DETROIT – Between the hours of 4 a.m. and 9 a.m., a cell phone ring, ding or chime means something is very wrong. The worst is an early-morning call, of course, though sometimes a text message can be sneaky-bad. News that can’t wait until 9 a.m. is usually not news to be savored.

The phones of the Detroit Tigers' position players started buzzing around 8:30 a.m. Wednesday. Most were still asleep, the grind of the American League Championship Series and another flaccid day of hitting leaving them weary. Torii Hunter peeled his eyes open and read a message from Mac – Lloyd McClendon, his hitting coach: "You're leading off tonight. You OK with that?" Sure, Hunter replied, even though he hadn't done so in 14 years.

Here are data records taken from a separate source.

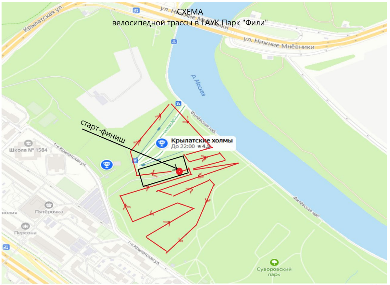
СХЕМА велосипедной трассы в ГАУК Парк "Фили"
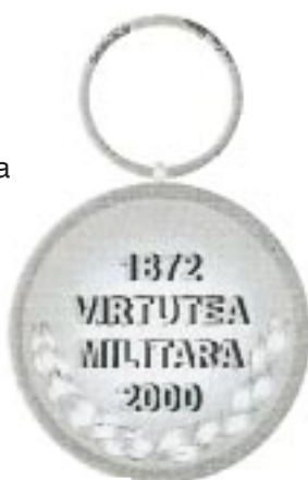
Avers — Revers
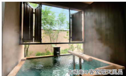
古稀庵の客室露天風呂
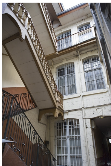
Façade postérieure du logis principal.
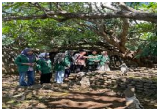
Gambar 4. Survey Lokasi di Makam Mamiq Raja

Once Hunter gave the go-ahead, the other texts pinged through, and Jim Leyland's plan to rouse his team from its doldrums was in motion.

Leyland does not like change. He is not a tinkerer. He writes a lineup, sticks with it and rides it. This can be to his detriment. It is also why his players love him. They know what they're getting. So this – an on-the-fly overhaul that dropped Austin Jackson from the leadoff spot to the No. 8 hole and moved seven players up a spot – was Leyland's not-so-subtle way of saying even an old mule can grow tired of something, and he damn sure wasn't going to let the Tigers' season end on account of his inaction.

He didn't gloat after the Tigers rode the new-look batting order to a 7-3 victory over the Boston Red Sox in Game 4 of the ALCS, knotting the series and ensuring a return this weekend to Fenway Park. Leyland, in fact, dismissed causation, correlation or any sort of relationship between the runs – which in the first three games had come in trickles and drips – and his fiddling: "I don't know that it had anything to do with it. I doubt it very much."

Except there was Jackson, sitting atop the dais, in front of a microphone and a few Gatorade bottles in case he got parched from talking about his big night. And he was saying, yes, it did have something to do with it, and anybody who doubted that ought to take a leap inside his head to validate as much. Maybe this was confirmation bias, and maybe it was Boston starter Jake Peavy's willingness to blend erratic command with hittable stuff down the middle, and maybe it was nothing more than a good major league player, which Jackson surely is, being a good major league player.

[Related: Torii Hunter channels R. Kelly]

The playoffs are different, though, and when bad results meet vulnerable psyche and the inherent nature of the postseason being a small sample size, something like a player's mentality not only matters, it wins and loses games. Since we don't have the tools to measure it, then, we must rely on what a player tells us he believes, or at least lend it some credence. And Austin Jackson, who went 2 for 2 with a pair of walks from the No. 8 hole after hitting leadoff in all of his starts this season, believes Leyland did him a favor.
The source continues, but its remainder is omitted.